In general, revivalists base their faith more on personal experience of God, and less on church teachings. Above all, they feel euphoric in their sense of God’s love, and carry that into their everyday life.
Poloma could only describe it as “getting a new pair of glasses. Everything looks different.”
“(My family) thought I was crazy,” says Arnott’s wife, Carol. “I was so childlike and excited. I prayed for things — I asked Jesus to heal my car, I prayed for stuff on sale because I had no money. I was a single mom. God would put stuff on sale, something that would fit, sort of hidden in a corner.
“I couldn’t get my jars open. I have thin wrists and I’d say, ‘Jesus can you help me open my jars?’ and I would turn it and the jar would just open. … (Some time after) I married John, I said ‘Jesus would you open my jar?’ and He said, ‘I’ve given you a husband now.’”
Not everyone was euphoric about the rise of the airport fellowship. A few years after the Toronto Blessing began, its parent body, the Association of Vineyard Churches, booted it out, saying the noises and other phenomena had no basis in the Bible, and therefore were suspect at best.
“The churches must focus on the main and plain things in scripture,” said association head Jon Wimber.

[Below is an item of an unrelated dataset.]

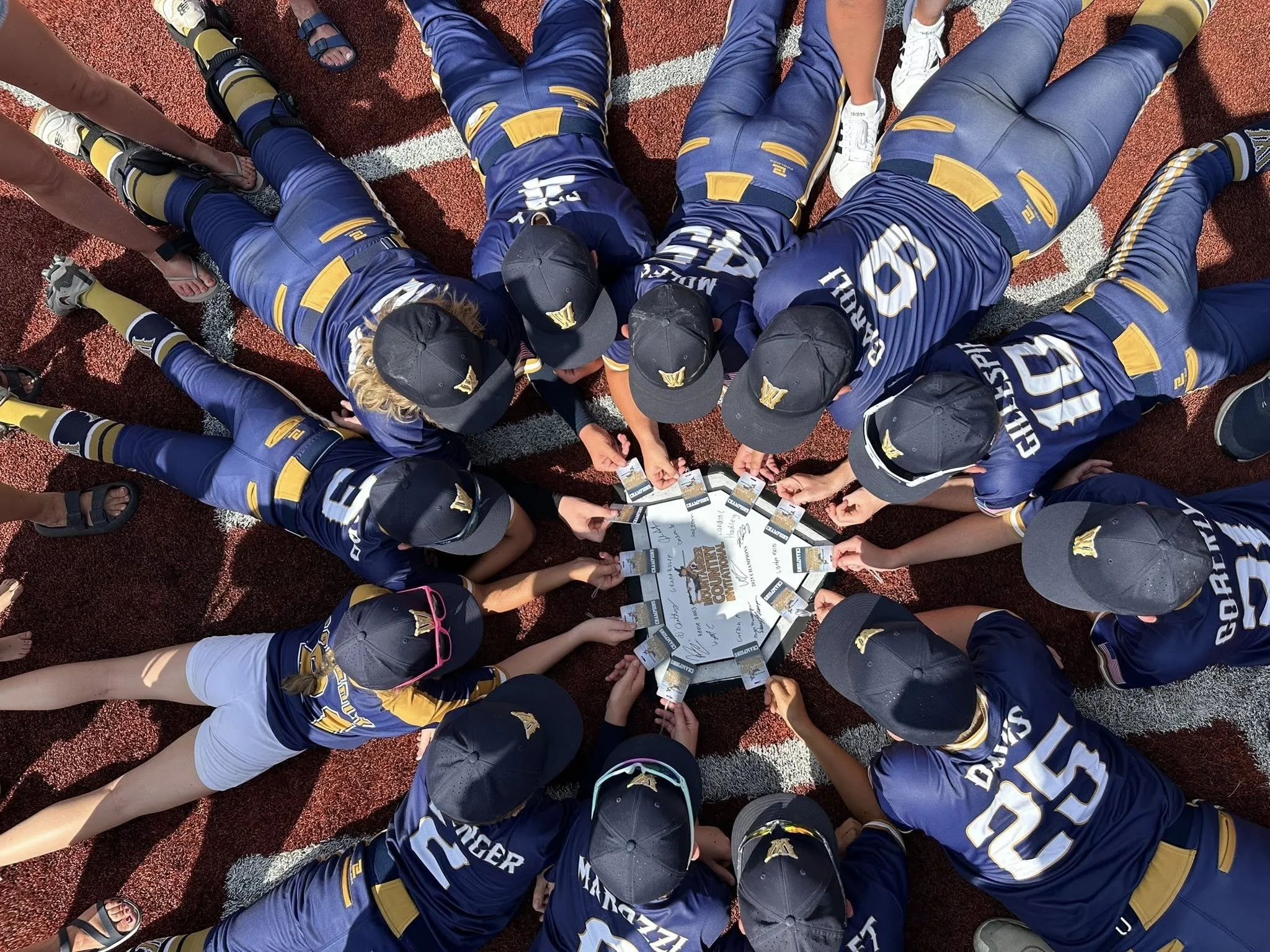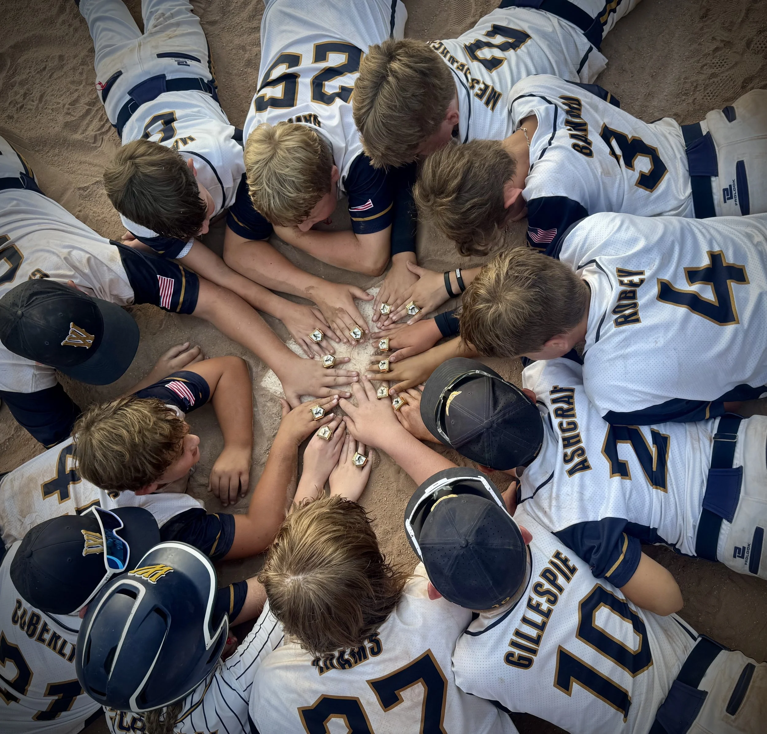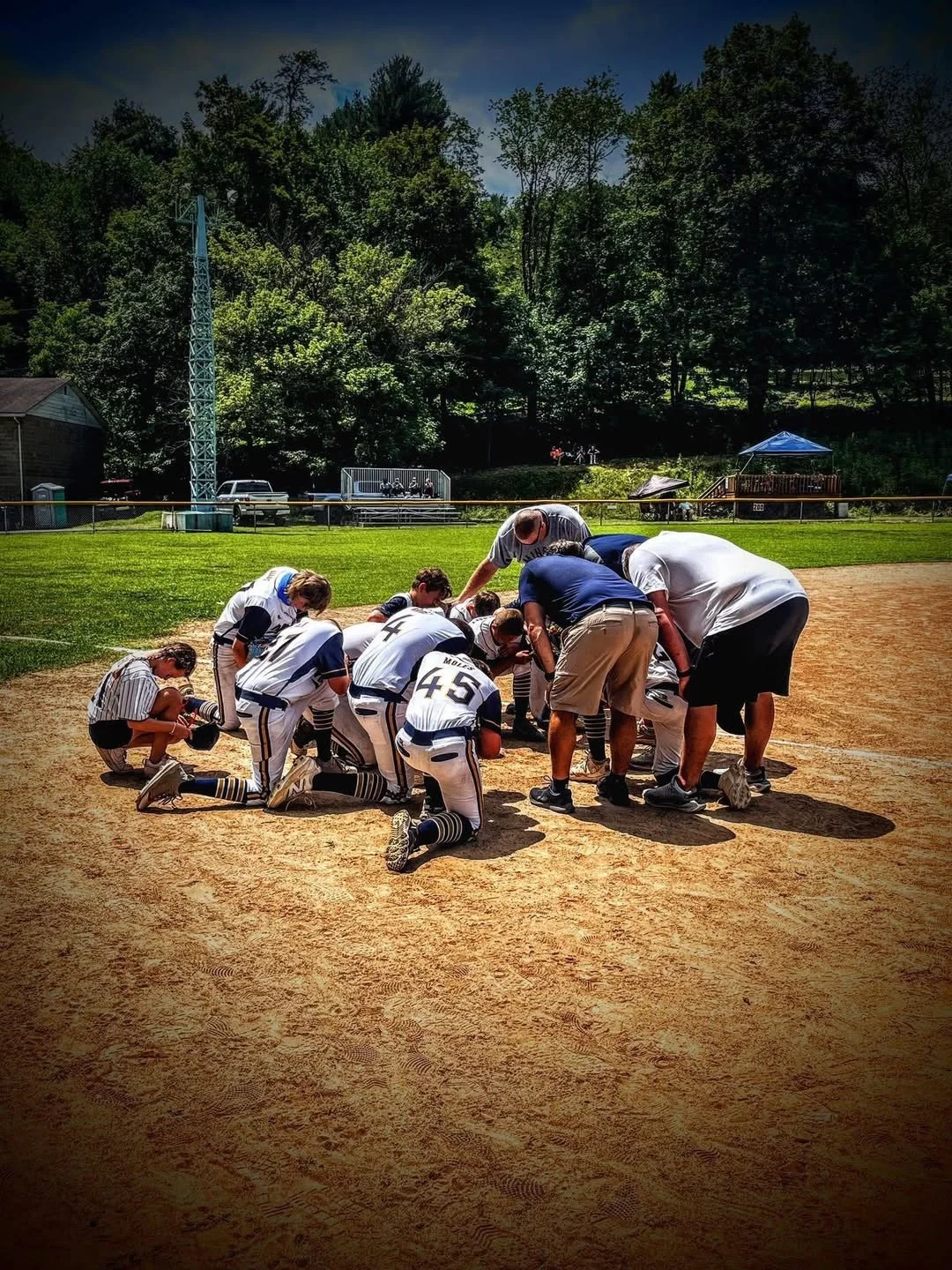A heartfelt moment as the 12U Miners gather in a tight huddle, heads bowed in prayer, seeking strength and unity before stepping onto the field.

It’s a question of balance, says Mark Scarr, pastor at Woodvale Pentecostal Church on Greenbank Road in Ottawa. Woodvale is a member of the Pentecostal Assemblies of Canada, also known as classical, or more mainstream, Pentecostalism.
The Toronto Airport Christian Fellowship considers itself charismatic evangelical, meaning adherents play down structure and strict theology, stressing they are promoting “a relationship (with God), not a religion.”
Scarr says: “A church with too much theology is likely to dry up and one with too much spirit is likely to blow up.”
A few hours later, the Korean girl who was so overcome earlier in the day, seemed fully recovered. “The first day I was afraid of touching anyone, of getting close. But this is my third day,” she said. “When I fell down, it felt like electricity. I knew Jesus loved me, He really loved me.”
Wang attended church as a child, but hasn’t gone in years. Now she might go back when she returns home.